• [Task brief] Text only, exactly as given: reproduce the entries below without their pictures.

• [Recorded information]
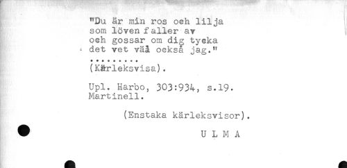//// - ..... - * - - .. . ^ //// "Du är min ros och lilja //// som löven f aller av //// och gossar om dig tycka //// * det vet väå också jag." //// (Kärleksvisa). //// -v . . ^ ^ //// Upl. Harbo, 303:934, s.19. //// Martinell. //// (Enstaka kärleksvisor). //// ^ U L M A ////
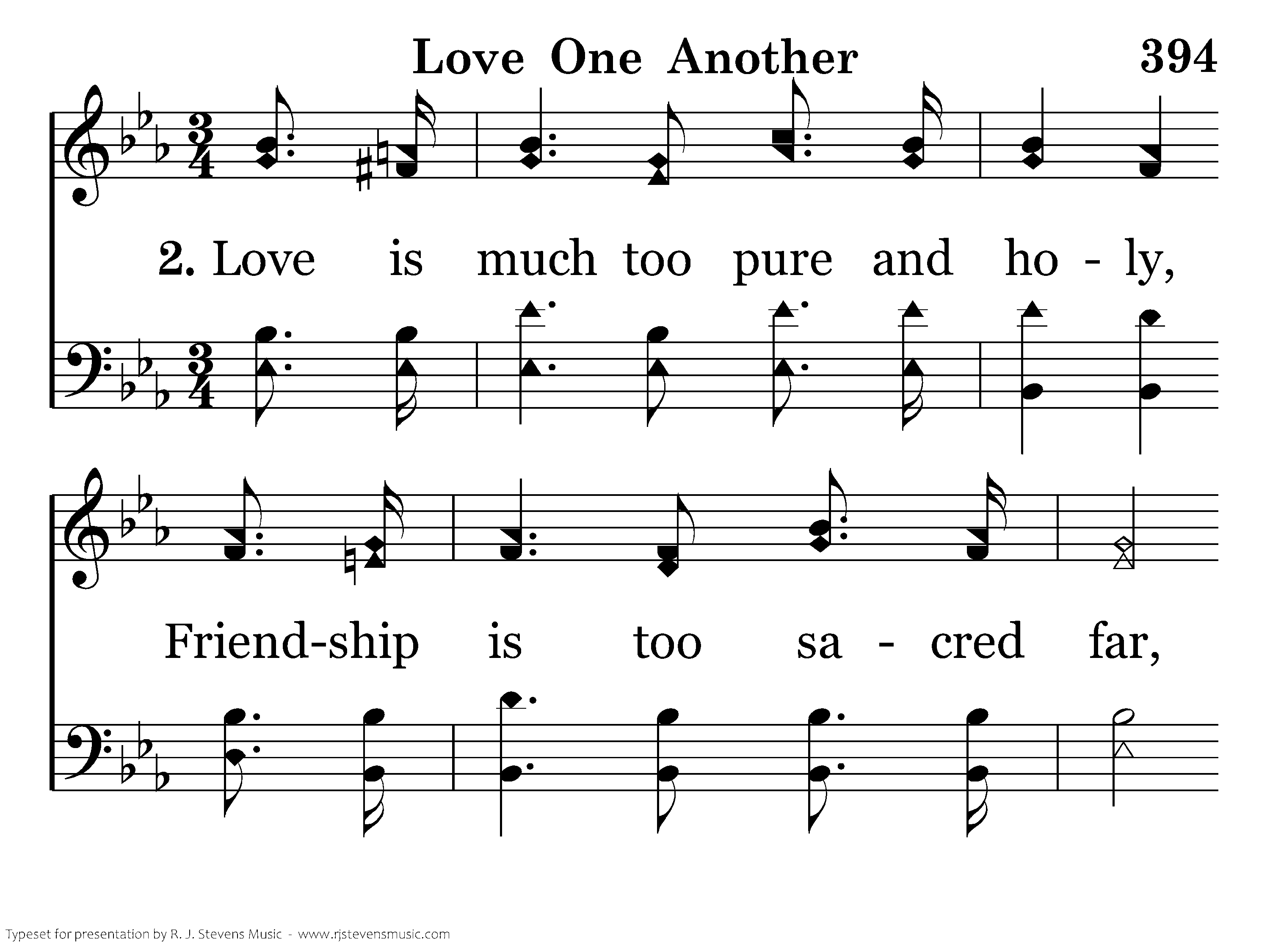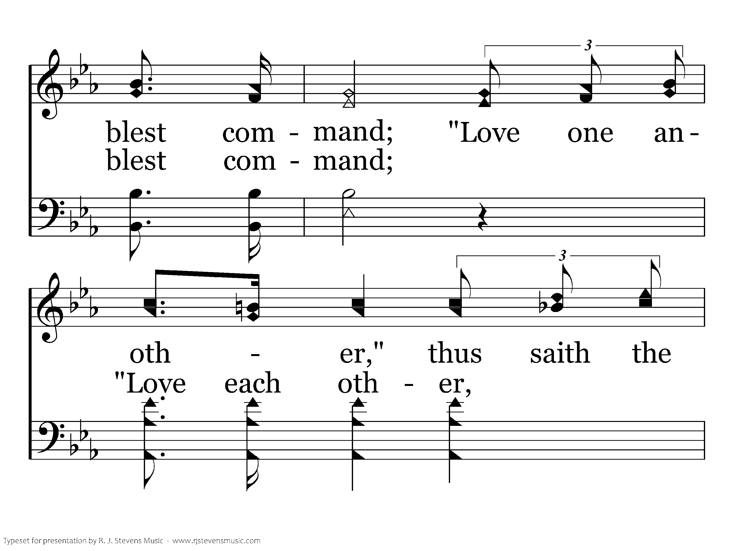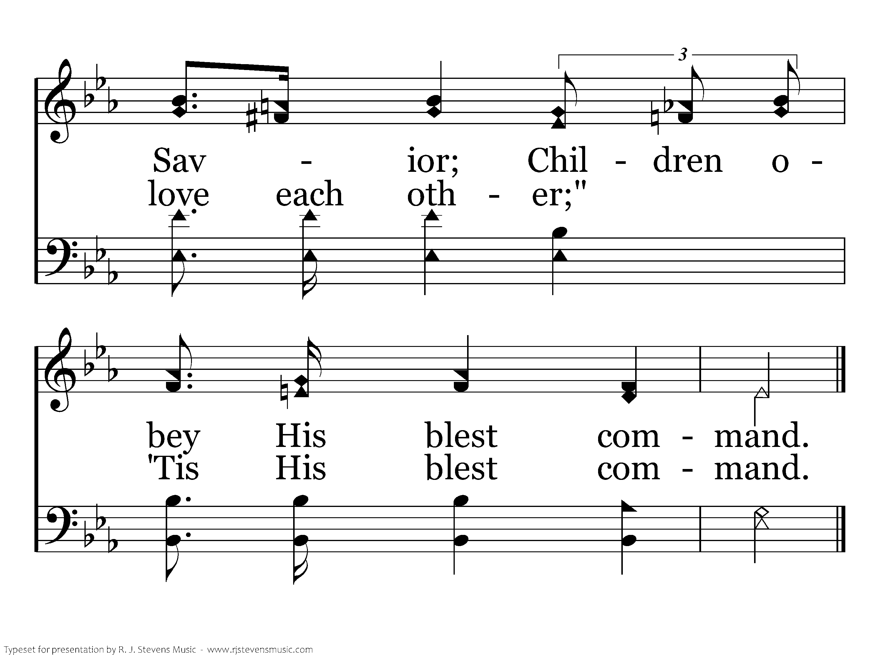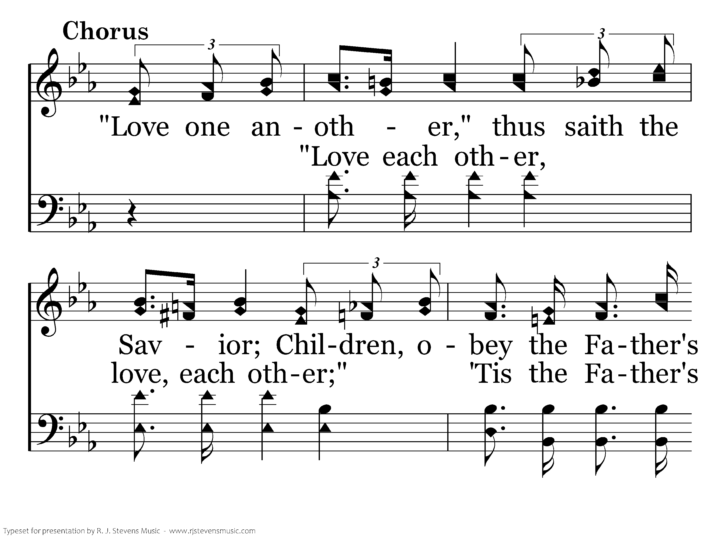 "Love one another," thus saith the Savior; Children, obey the Father's blest command; "Love one another," thus saith the Savior; Children obey His blest command.
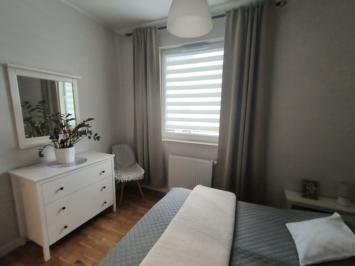 Hangulatos lakás (50m2) nagyszerű helyen (5 percre a Natolin metrótól: 20 percre a belvárostól, 15 percre a Chopin repülőtértől). Rengeteg élelmiszerbolt van a környéken, köztük éjjel-nappal is. A lakás teljesen felszerelt, kényelmes ágy, kényelmes kanapéágy, rengeteg szekrény és minden, amire szükséged lehet a konyhában történő főzéshez. Távmunkához - íróasztal és karosszék. Csecsemőknek biztosíthatok utazóágyat. Nagy parkolóhellyel rendelkezik a mélygarázsban. Az épületben van lift (nincs küszöb/lépcső).
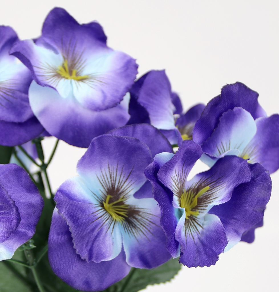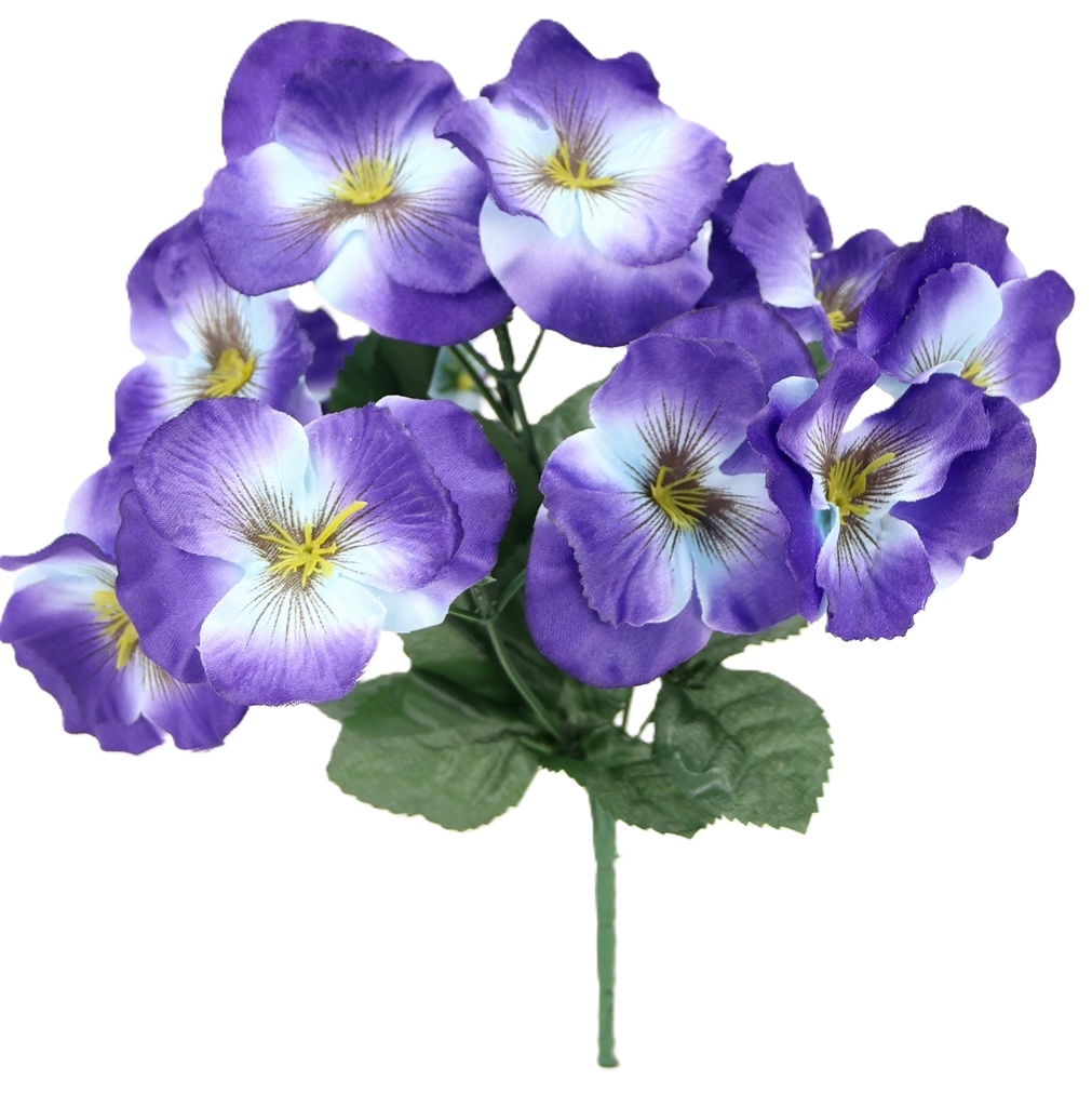 BUKIET sztucznych BRATKÓW - 14x kwiatków w cieniowanym NIEBIESKIM kolorze
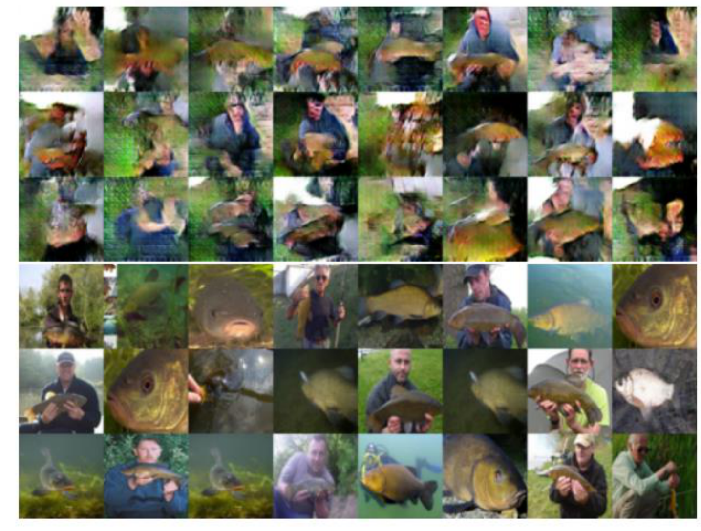 因此,ACGAN提出Inception Accuracy,这种新的用于评判图像合成模型的标准,查看其被分类为正确类别的比率,以此来判定生成的图片质量。图中,最上面给出了真实图片和基于ACGAN生成图片,可以明显感觉图片高分辨率对应高可分辨性。

• [Expected answer]
//// - ..... - * - - .. . ^ //// "Du är min ros och lilja //// som löven f aller av //// och gossar om dig tycka //// * det vet väå också jag." //// (Kärleksvisa). //// -v . . ^ ^ //// Upl. Harbo, 303:934, s.19. //// Martinell. //// (Enstaka kärleksvisor). //// ^ U L M A ////
 "Love one another," thus saith the Savior; Children, obey the Father's blest command; "Love one another," thus saith the Savior; Children obey His blest command.
 Hangulatos lakás (50m2) nagyszerű helyen (5 percre a Natolin metrótól: 20 percre a belvárostól, 15 percre a Chopin repülőtértől). Rengeteg élelmiszerbolt van a környéken, köztük éjjel-nappal is. A lakás teljesen felszerelt, kényelmes ágy, kényelmes kanapéágy, rengeteg szekrény és minden, amire szükséged lehet a konyhában történő főzéshez. Távmunkához - íróasztal és karosszék. Csecsemőknek biztosíthatok utazóágyat. Nagy parkolóhellyel rendelkezik a mélygarázsban. Az épületben van lift (nincs küszöb/lépcső).
 BUKIET sztucznych BRATKÓW - 14x kwiatków w cieniowanym NIEBIESKIM kolorze
 因此,ACGAN提出Inception Accuracy,这种新的用于评判图像合成模型的标准,查看其被分类为正确类别的比率,以此来判定生成的图片质量。图中,最上面给出了真实图片和基于ACGAN生成图片,可以明显感觉图片高分辨率对应高可分辨性。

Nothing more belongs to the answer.